Here are 5 Reasons why cybersecurity is a “must-have” rather than a “nice-to-have” in today’s economic uncertainty.
1. Cyber crime is on the rise
Cybercrime is at an all-time high. According to the FBI’s Internet Crime Report 2021, a record 847,376 complaints of cyber-crime were reported to the FBI by the public, a 7 percent increase from 2020. Attackers know no national borders. Criminals, victims and technical infrastructure span multiple jurisdictions, bringing many challenges to investigations and prosecutions.
Attacks come in the form of denial of service (DoS) attacks, viruses, malware, spyware, or merely because of a phishing email link that an employee unintentionally clicked. When ignored or not prevented, cyber threats result in service or business discontinuity, data loss, system or application unavailability, blackouts, system failure, and network disruption.
2. Cybersecurity non-compliance can negatively impact your business
If customer data becomes exposed, its owners could have the full legal right to pursue compensation in court. This is a serious vulnerability that cybercriminals are constantly trying to exploit. However, no data protection regulation anywhere in the world expects your business to have a 100 percent perfect plan for fighting cybersecurity threats. However, your business is definitely expected to install all the necessary checks and balances that make up a resilient defense.
Should your business ever undergo a security breach and you fail to produce satisfactory evidence about undertaking preventive data security measures, you could find yourself in serious trouble. Two of the most common consequences you could face would be your cyber insurance provider’s refusal to pay for damages and a regulatory body initiating punitive action against your business.
3. Cybersecurity as a competitive advantage
Cybersecurity directly impacts business outcomes. From protecting your data and assets to ensuring operational compliance, and guarding against attacks, a strong security posture helps the enterprise to be perceived as more trustworthy and thus gain a competitive advantage.
Entrepreneurs, first and foremost, are concerned with the company’s growth and its profits. If you treat cybersecurity as an abstract entity, you risk losing the trust and support of customers.
4. Neglecting cybersecurity will cost more in the long run
Ignoring simple tasks such as installing cyber protection and educating employees on cybersecurity awareness can cost you more in the long run.
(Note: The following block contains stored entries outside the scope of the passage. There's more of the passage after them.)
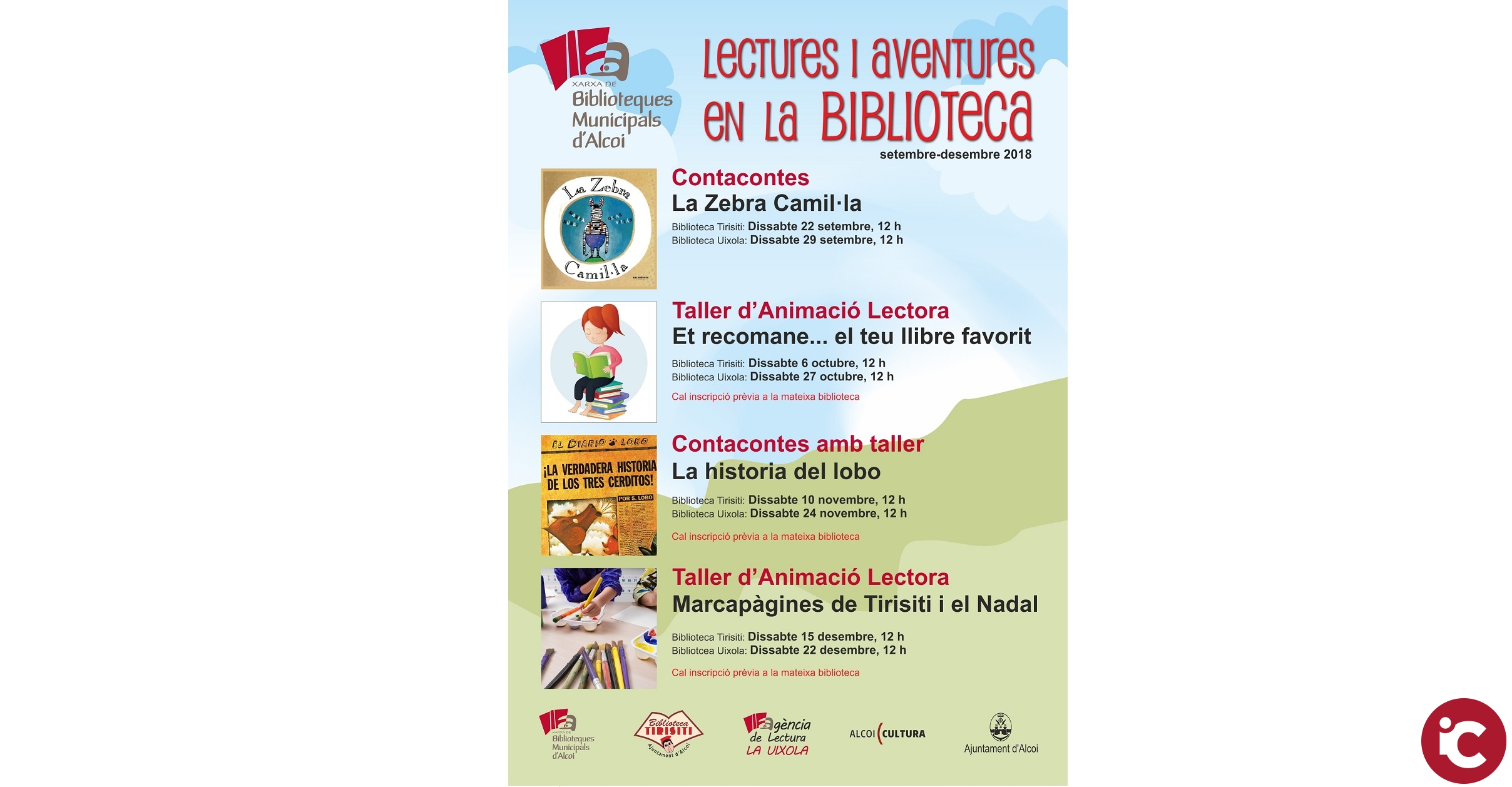 La Xarxa de Biblioteques Municipals dAlcoi ha presentat la programació infantil per al darrer quadrimestre de lany. Les iniciatives tindran lloc durant 8 dissabtes a les 12 del migdia i es realitzaran tant a la Biblioteca Infantil Tirisiti, situada al centre de la ciutat, com a lAgència de Lectura Uixola en Santa Rosa.
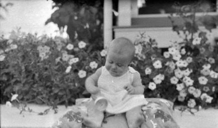 | Keywords: Baby on Pillow.jpg  en A baby sitting on a pillow in front of flowers and holding an item in her right hand century 20 http //digital lib uh edu/cdm4/item_viewer php CISOROOT /p15195coll17 CISOPTR 388 CISOBOX 1 REC 15 Walker Harry photographer cc-zero Black and white photographs of babies Photographs in the University of Houston Libraries |
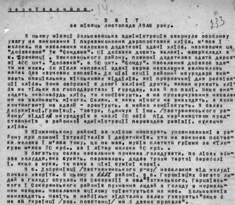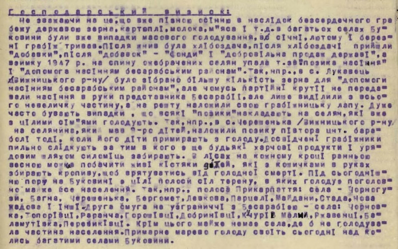 «Незважаючи на це, що вже пізною осінню, внаслідок безсердечного грабежу державою зерна, картоплі, молока, м’яса і т. д., в багатьох селах Буковини були вже випадки масового голодування, в січні, лютому і березні грабіж тривав. Після жнив була хлібоздача, після хлібоздачі прийшли “добавки”, після “добавок” – “фонди” і “добровільна продаж державі”, а взимку 1947 р. на спину ожебрачених селян упала т. зв. “позика насіння” і “допомога насінням бесарабським районам”. Досвідчені грабіжники пильно слідкують за тим, в кого є ще будь-які харчові продукти і урядовим шляхом силоміць забирають. В лісах на кожному кроці ранньою весною, можна побачити живі кістяки дітей, які з кошиками в руках збирають кропиву, щоб врятуватись від голодної смерті. Під сьогоднішню пору на Буковині є цілі полоси сіл терену, в яких голодує поголовно майже все населення. Так, наприклад, полоса Прикарпаття: села – Чорногузи, Багна, Черешенька, Бергомет, Левкова, Парцелі, Майдани, Стара, Нова Жадова і інші. Друга смуга на узграниччі з Бесарабією: села – Чорновка, Топорівці, Раранча, Горошівці, Добринівці, Кучурів Малий, Ржавинці, Баламутівка, Перебиківці. Крім цього, майже немає села, де б не голодувала частина населення. Примарне марево голоду стоїть сьогодні над колись багатими селами Буковини».

With the economic downturn affecting all businesses, attackers are even more desperate to perpetuate their crimes. They are more motivated to steal from legitimate businesses which means they will work non-stop in looking for vulnerabilities in your products and networks.
Now more than ever, criminals are ramping up their malicious attacks on your employees by tricking them into granting access to internal data using social engineering techniques. These techniques and technologies become more sophisticated year by year—emphasizing the importance of consistent cybersecurity updates.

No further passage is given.